**Activity**. Omit any picture, and return the remaining data exactly as written.

**Records for this exercise**.
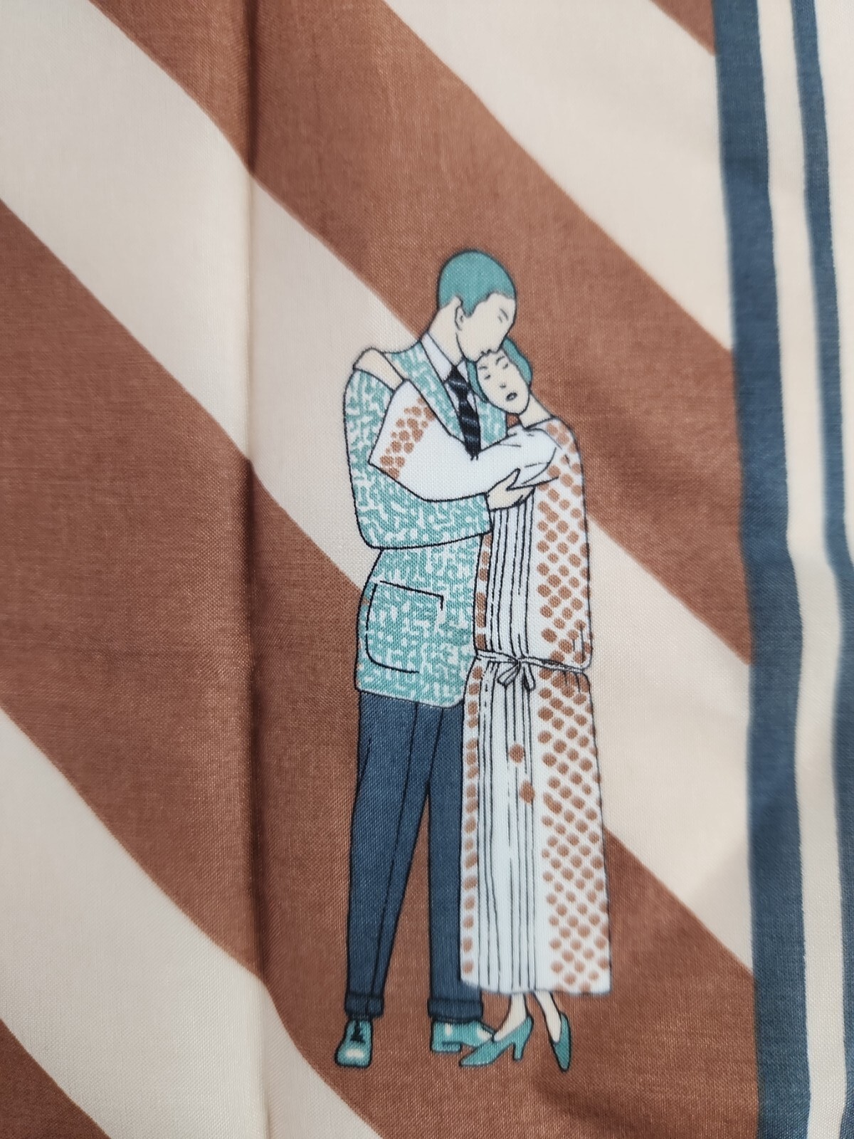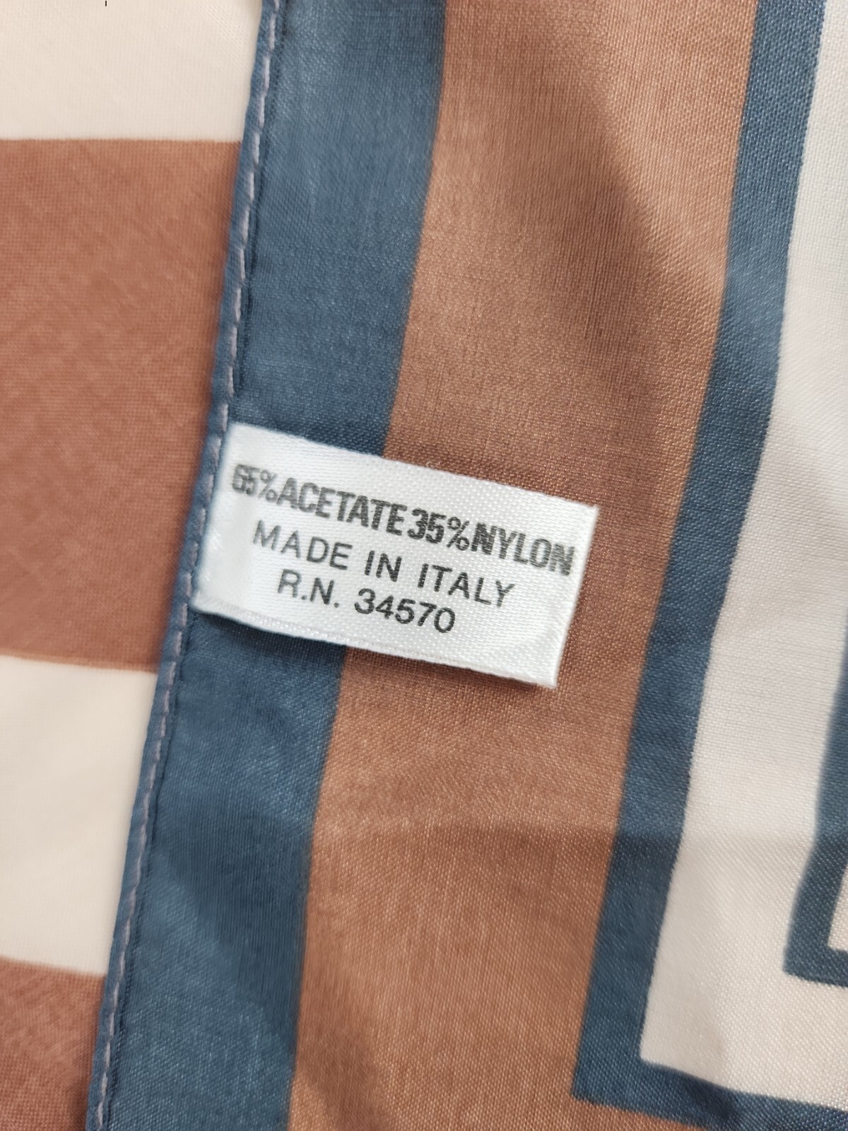 как выглядит Vintage geometrical Striped scarf square made in Italy Brown,Cream,Navy,Teal фото
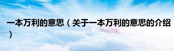 大家好,小新來為大家解答以上的問題。一本萬利的意思,關于一本萬利的意思的介紹很多人還不知道,現在讓我們一起來看看吧!
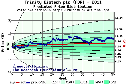 The high to date and low to date prices of the stock plotted against a random walk model for 2011 (what's this?).
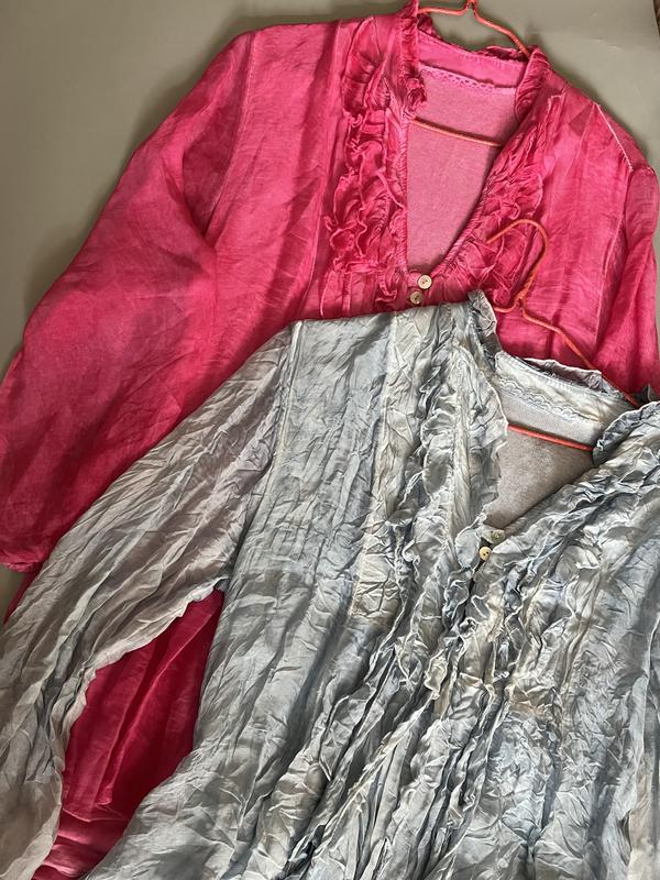 Натуральные новые туники Италия 🇮🇹 Размер универсальный Подойдет на р. M-L-XL Спереди и рукава - из натурального шелка, спинка трикотажная вискоза, чуть как в микро-рубчик. Внутри из переда есть тонкая подкладка-вискоза. В наличии две шт Цвет: Серо-голубой и малиновая фуксия Камера не может точно передать оттенки.
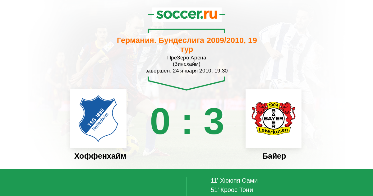 Хоффенхайм - Байер: обзор матча 24 января 2010
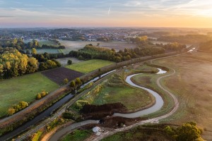 Luchtopname van de Demervallei gehuld in een maagdelijk witte laag sneeuw.
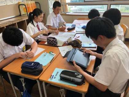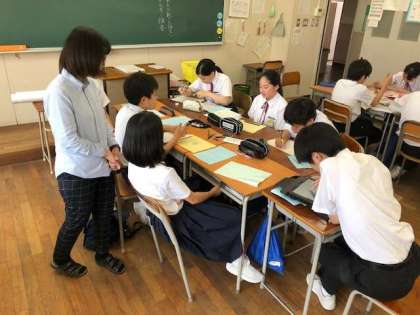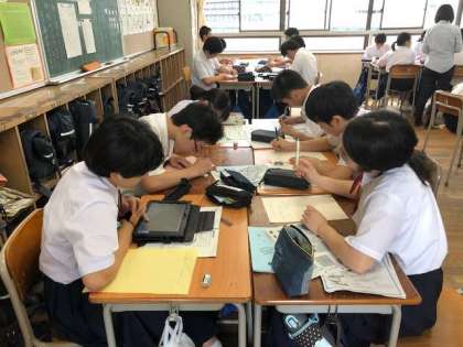 6時間目には班ごとに壁新聞づくりに取り組んでいます。班の中でも役割分担をして、見学した施設で学んだことを、各自が1枚の紙に記事をまとめます。それを班ごとに大きな模造紙にまとめて完成です。

**Exercise response**.
 как выглядит Vintage geometrical Striped scarf square made in Italy Brown,Cream,Navy,Teal фото
 大家好,小新來為大家解答以上的問題。一本萬利的意思,關于一本萬利的意思的介紹很多人還不知道,現在讓我們一起來看看吧!
 The high to date and low to date prices of the stock plotted against a random walk model for 2011 (what's this?).
 Натуральные новые туники Италия 🇮🇹 Размер универсальный Подойдет на р. M-L-XL Спереди и рукава - из натурального шелка, спинка трикотажная вискоза, чуть как в микро-рубчик. Внутри из переда есть тонкая подкладка-вискоза. В наличии две шт Цвет: Серо-голубой и малиновая фуксия Камера не может точно передать оттенки.
 Хоффенхайм - Байер: обзор матча 24 января 2010
 Luchtopname van de Demervallei gehuld in een maagdelijk witte laag sneeuw.
 6時間目には班ごとに壁新聞づくりに取り組んでいます。班の中でも役割分担をして、見学した施設で学んだことを、各自が1枚の紙に記事をまとめます。それを班ごとに大きな模造紙にまとめて完成です。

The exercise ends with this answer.